Write the data below out exactly as it stands. Do not include the pictures.

+++ ENTRIES SHOWN

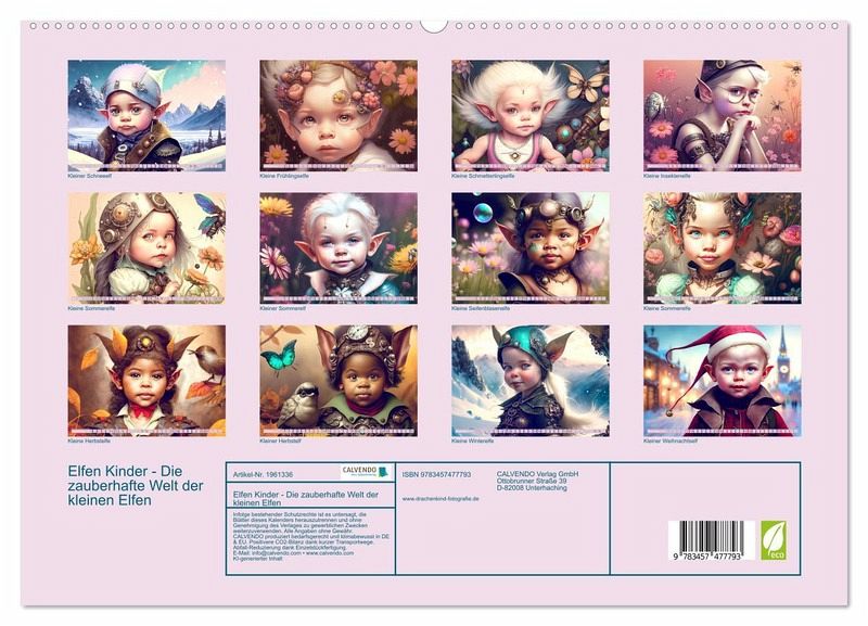 Sie lieben Mythologie und sind naturverbunden? Dann ist dieser Kalender genau das Richtige für Sie! Er zeigt 12 wunderschöne Bilder und ästhetische Illustrationen von Elfenkindern in ihrer zauberhaften Lebennswelt. Gehen Sie auf eine Reise durch das magische Reich der Elfenkinder und lassen Sie sich von der Magie und der Schönheit dieser fantastischen Wesen verzaubern. Dieser Kalender ist ein echter Hingucker für jeden Fan von Steampunk und Fantasy. Der Kalender von drachenkind-fotografie wurde mit Ki und Photoshop erstellt.
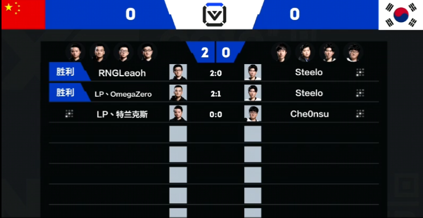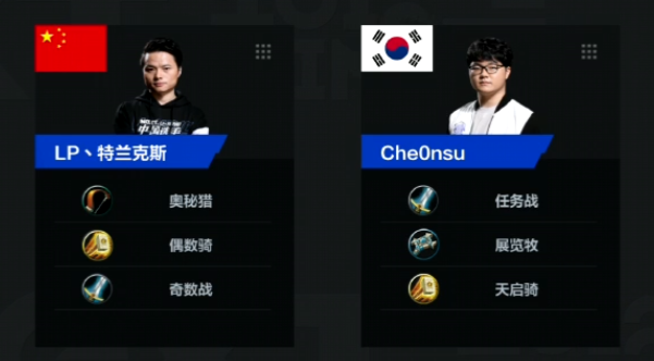 下面带来今天的第三场比赛,由中国的特兰克斯对阵韩国的cheOnsu,前两场中国队的出场队员都取得了胜利,目前2:0领先。本场的解说是比利君、清清和瓦娘。
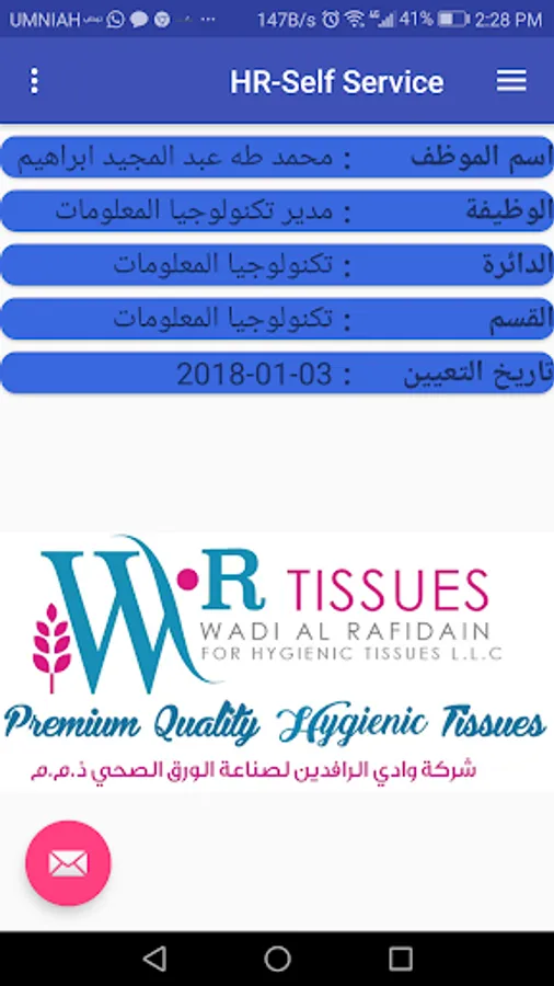 Application of self-service for the staff of Wadi Rafidain for Sanitary Paper
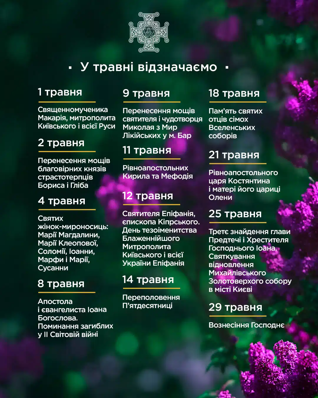 У травні багато церковних свят і важливих, пов’язаних зі святими угодниками Божими та церковною історією України. Proslav публікує церковний календар на травень, посилаючись на повідомлення ПЦУ.
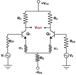 By using external resistors R'E in series with each emitter, the dependence of voltage gain on variations of r'e can be reduced. It also increases the linearity range of the differential amplifier.
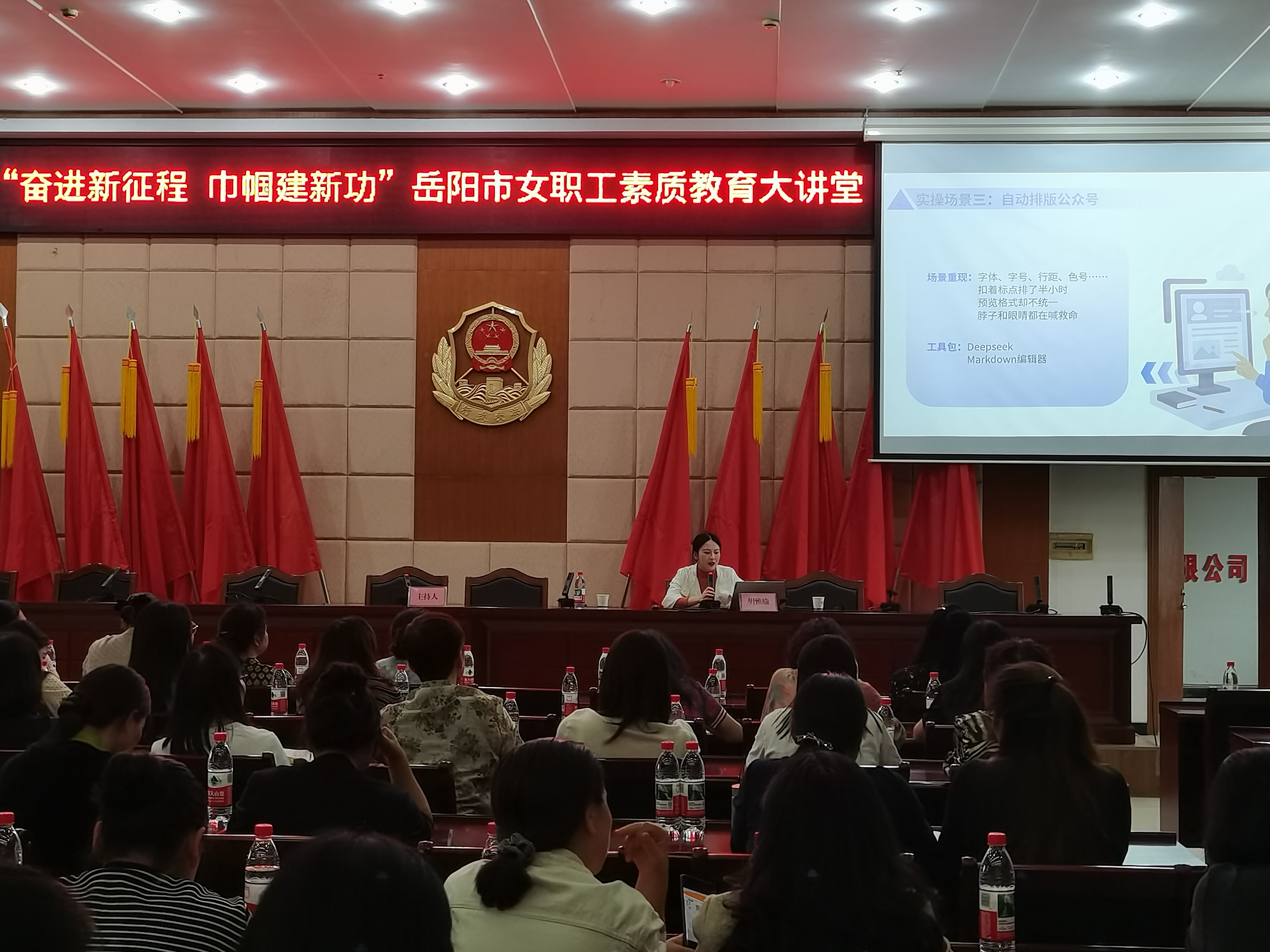 为积极响应市总工会女职工委员会在全市女职工中开展“奋进新征程 巾帼建新功”素质教育活动,持续提升女职工思想素质和文化素质,10月15日下午,岳阳市交通运输综合行政执法支队工会邀请市女职工芙蓉公益讲堂讲师--胡雅瑜为支队机关及直属机构女职工代表70余人,上了一堂题为“从加班到高效,听完就会的AI第一课”的素质教育公益课。
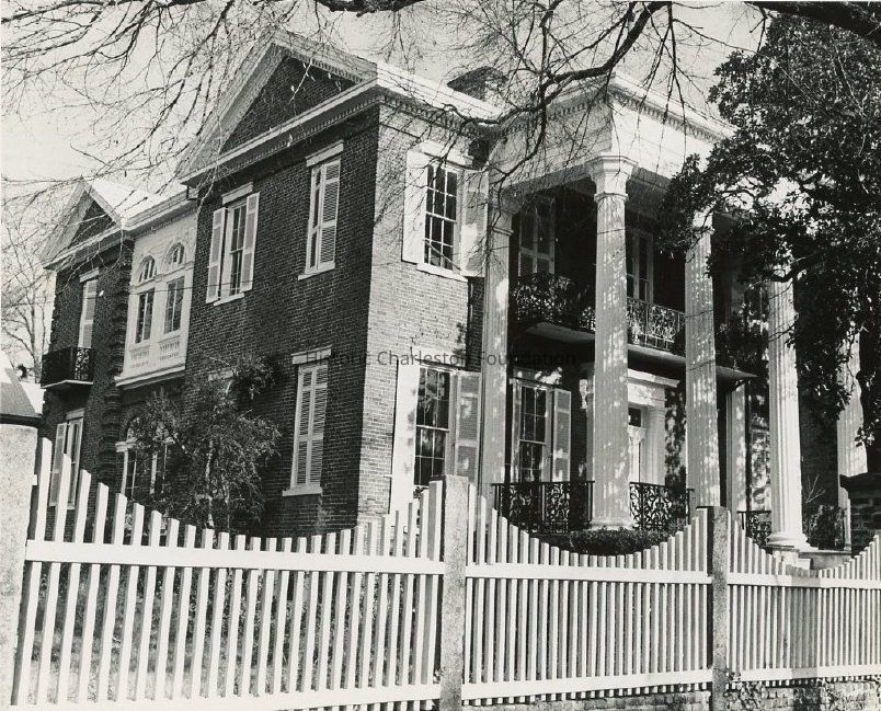 B&W photograph of 20 Charlotte Street (Joseph Aiken House), southwest corner of the building showing the front facade dominated by its columns. White picket fence in front of house in foreground.Collection

++++++

## WRITTEN SOLUTION
 Sie lieben Mythologie und sind naturverbunden? Dann ist dieser Kalender genau das Richtige für Sie! Er zeigt 12 wunderschöne Bilder und ästhetische Illustrationen von Elfenkindern in ihrer zauberhaften Lebennswelt. Gehen Sie auf eine Reise durch das magische Reich der Elfenkinder und lassen Sie sich von der Magie und der Schönheit dieser fantastischen Wesen verzaubern. Dieser Kalender ist ein echter Hingucker für jeden Fan von Steampunk und Fantasy. Der Kalender von drachenkind-fotografie wurde mit Ki und Photoshop erstellt.
 下面带来今天的第三场比赛,由中国的特兰克斯对阵韩国的cheOnsu,前两场中国队的出场队员都取得了胜利,目前2:0领先。本场的解说是比利君、清清和瓦娘。
 Application of self-service for the staff of Wadi Rafidain for Sanitary Paper
 У травні багато церковних свят і важливих, пов’язаних зі святими угодниками Божими та церковною історією України. Proslav публікує церковний календар на травень, посилаючись на повідомлення ПЦУ.
 By using external resistors R'E in series with each emitter, the dependence of voltage gain on variations of r'e can be reduced. It also increases the linearity range of the differential amplifier.
 为积极响应市总工会女职工委员会在全市女职工中开展“奋进新征程 巾帼建新功”素质教育活动,持续提升女职工思想素质和文化素质,10月15日下午,岳阳市交通运输综合行政执法支队工会邀请市女职工芙蓉公益讲堂讲师--胡雅瑜为支队机关及直属机构女职工代表70余人,上了一堂题为“从加班到高效,听完就会的AI第一课”的素质教育公益课。
 B&W photograph of 20 Charlotte Street (Joseph Aiken House), southwest corner of the building showing the front facade dominated by its columns. White picket fence in front of house in foreground.Collection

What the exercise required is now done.